This page is not a finished product, but due to requests, I’ve posted a rough version.

The Oliver “foolproof method” of queen

rearing

Step-by-step Oliver modification  of the

“Modified Swarm Box” Starter/finisher colony

Click the link below to download my Powerpoint presentation, minus my voice.  It is a large download and may take some time.

Small scale queen breeding copyrighted

(This doc lost formatting in translation, and I haven’t had time to rework it into outline form)

There are many excellent ways to produce queen cells.  This method works very well for the beekeeper who wishes to produce 40-50 cells at a time (more if you set up several starter/finishers each day).  I like this method since you need very little extra equipment; it works every time, even when snowing; it’s virtually foolproof so long as you don’t get a queen above the excluder; and after you’re done, you can either reuse the colony to do it again, or you wind back up with the same hive configuration that you started with.

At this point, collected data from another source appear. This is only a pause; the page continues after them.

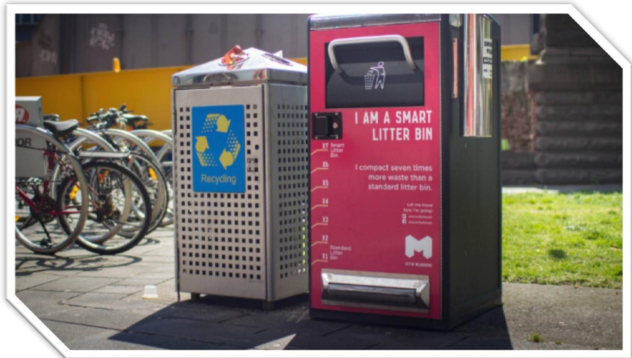
Figure 3: An image of waste management tools by Bin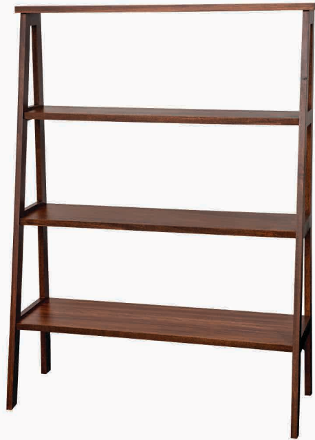
#109 Double Step Ladder Shelf, 4ft. 36½" w x 14" d x 49" h Cherry Stain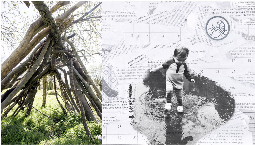
Figure 5. Screenshot of Penumbra , by Nick Ferguson (left); close up of Collages from confinement , by Aryana Soliz (right).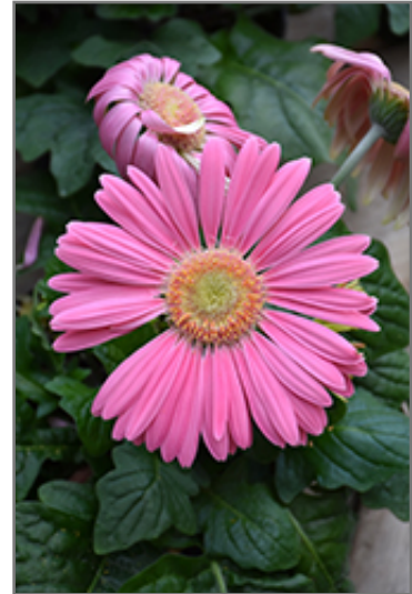
Pink Gerbera Daisy flowers

Lovely pink daisies with yellow centers rise above sea green foliage on this upright variety; perfect for garden beds, borders and containers; excellent in cut-flower arrangements; adaptable as a houseplant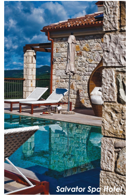
Salvator Spa Hotel

If booking the IRIS HOTEL all transfers are free. If you are booking the SALVATOR SPA HOTEL transfers are not included (between the yacht base, hotel and airport). Your options include: hiring a car or pre-ordering taxis through us (payable locally). The room price does include a free luxury hotel shuttle service to the local town and beaches.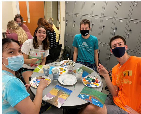
AIChE Members at our Bob Ross Painting Event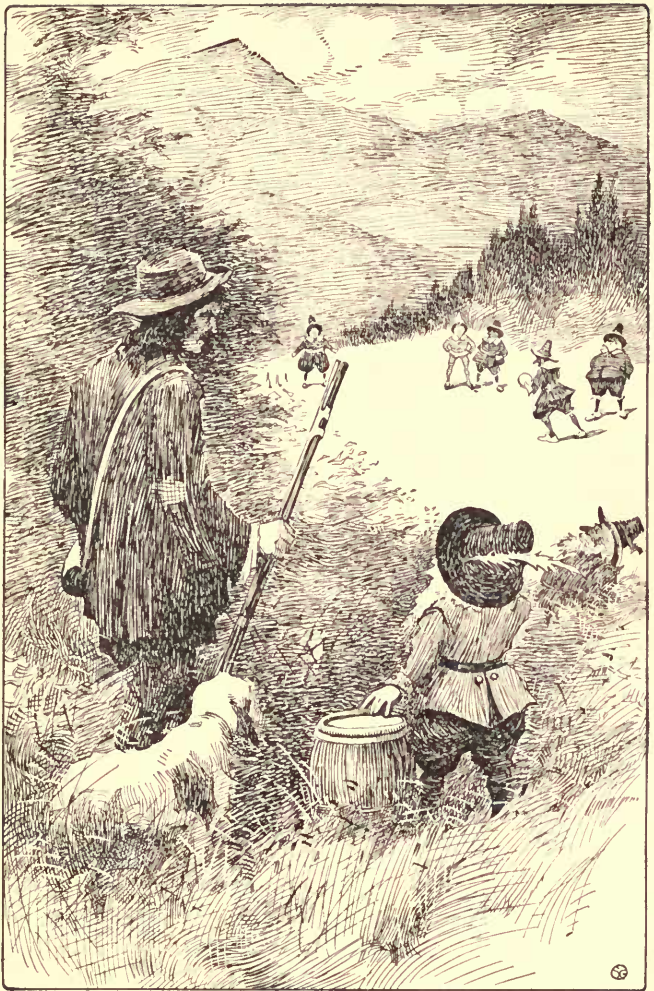
ON THE LEVEL SPOT IN THE CENTRE WAS A COMPANY OF ODD-LOOKING PERSONAGES PLAYING AT NINE-PINS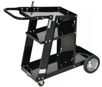
W241 Universal Welder Trolley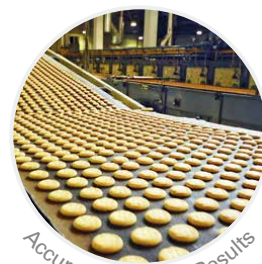
Accurate & Precise Results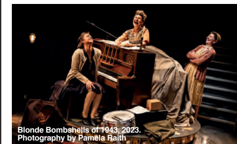
Blonde Bombshells of 1943, 2023.

For every Theatre by the Lake brochure we also produce a corresponding Audio Brochure available to listen to online. For more information on our audio brochures please email enquiries@theatrebythelake.com .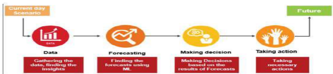
Figure 1.2: The Process of Sales Forecasting in a Business Environment

The process of making sales projections can have an effect on a wide range of organizational tasks, such as financial planning, marketing, customer management, and a number of other domains. As a direct consequence of this, improving the precision of sales estimates has emerged as a critical component that must be met for a company to successfully run its business. This is just one example of how time series forecasting can be put to use. It is becoming increasingly popular to utilize data from the past in time series forecasting as the basis for the operation of any activity over the course of time.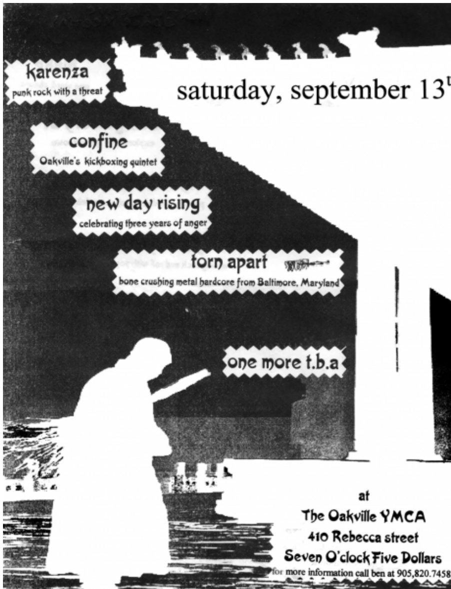
Confine show on September 13th 1997 at the Oakville YMCA with Karenza, New Day Rising and Torn Apart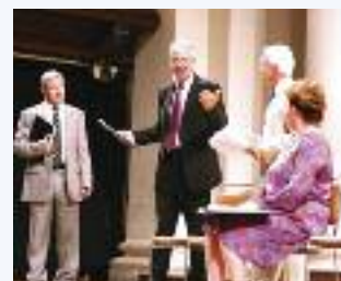
Actors playing UDHR drafters René Cassin, John Peters Humphrey and Eleanor Roosevelt

We had invited diplomats from the embassies of those states that had participated in the vote to play out the roles of their predecessors. This they did with evident enjoyment. The El Salvador ambassador's daughter, born on Human Rights Day, waved a voting card on behalf of her country; and a Thai diplomat blinked when he saw that his card read 'Siam'. The Lebanese delegate had actually known Charles Malik – one of the declaration's founding fathers and a character in the play. And representatives of Poland and the former Czechoslovakia changed history, by brandishing their voting cards theatrically despite their countries' refusal to vote for the declaration in 1948.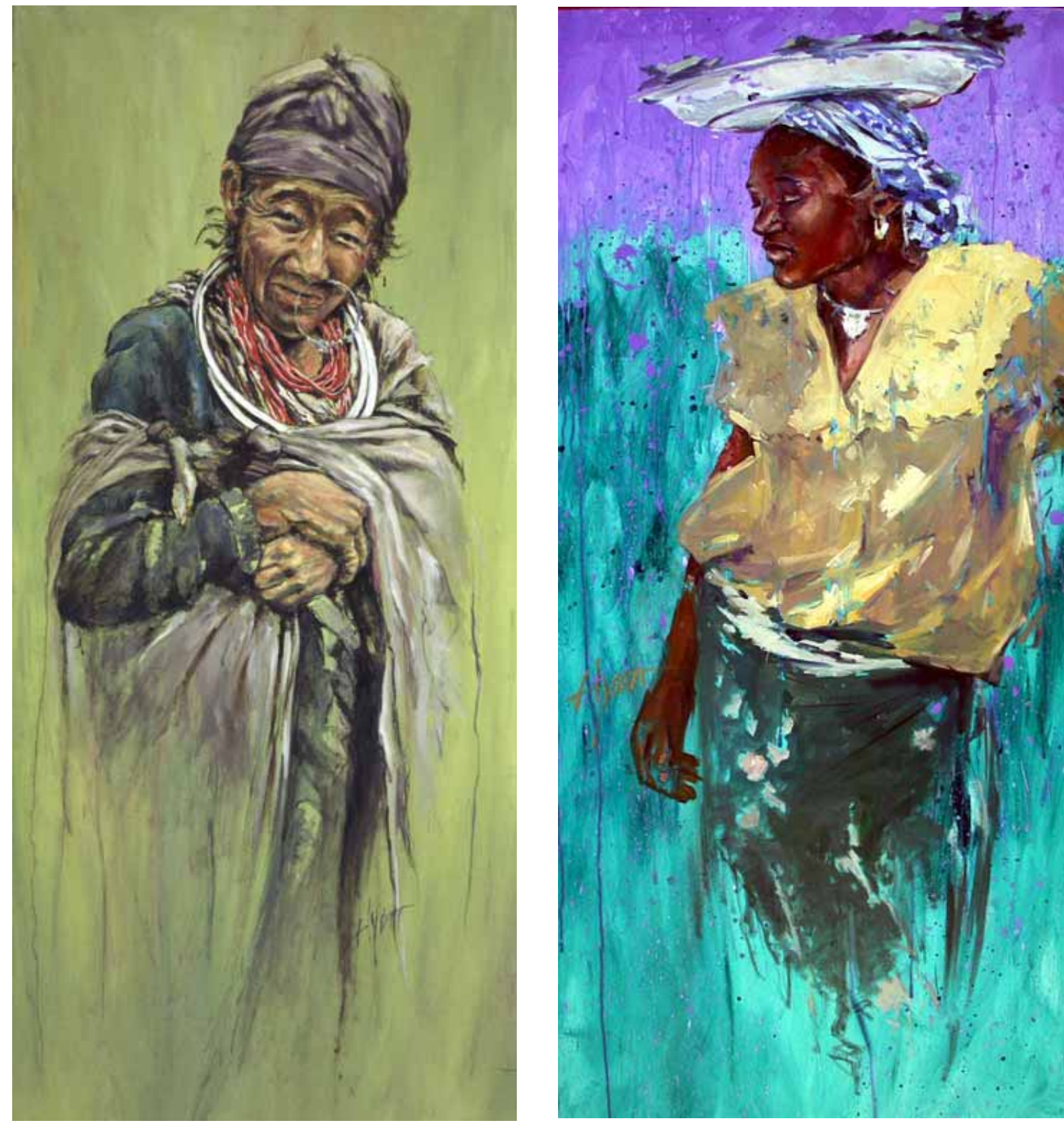
Nepal Grandma, Oil on Canvas, 60"x27" (life size)

Requirements for producing excellent queens:

  • Breed from a “population,” rather than from a few exceptional (or purchased) queens
  • Start with extremely young larvae; make sure they are fed copiously until they pupate, so they will have maximum ovariole development.
  • Saturate the mating yard with drones of good stock so the queen is well mated.
  • Queenrearing combs must be free of coumaphos (Checkmite+); drone rearing combs must be free of fluvalinate (Apistan or Mavrik).
  • Breeder queen colony, well fed, with freshly-hatched larvae.

Materials needed:

  • One or more strong, healthy colonies.
  • Queen excluder(s).
  • Horizontal division board (Swarm board):   A standard inner cover with the hole covered with screen (in cold weather) or blocked with a thin piece of anything that bees can’t chew through—cut a notch (roughly 3″ wide) in the “fat” side of the rim for an entrance.
  • Sieve box (optional)—a medium super with a queen excluder screwed to the bottom (works better if lined with sheet aluminum from a printer)
  • Empty super with two drawn combs.
  • Empty nuc box to temporarily hold a frame with the queen, so you don’t lose her.
  • Comb filled with pollen on one side.
  • Cell bar with cell cups,  royal jelly for priming.  Grafting needle—I recommend a Chinese style).  Wet towels.
  • Feeder or feeder lid; light syrup.

Conditions:  it is easiest to raise good queen cells during swarming season, with a light nectar flow, and strong pollen flow going on.  The Cell Builder colonies should be in swarming condition–combine colonies if necessary.  You can start great cells even if it’s raining or snowing if the colonies are strong and well fed.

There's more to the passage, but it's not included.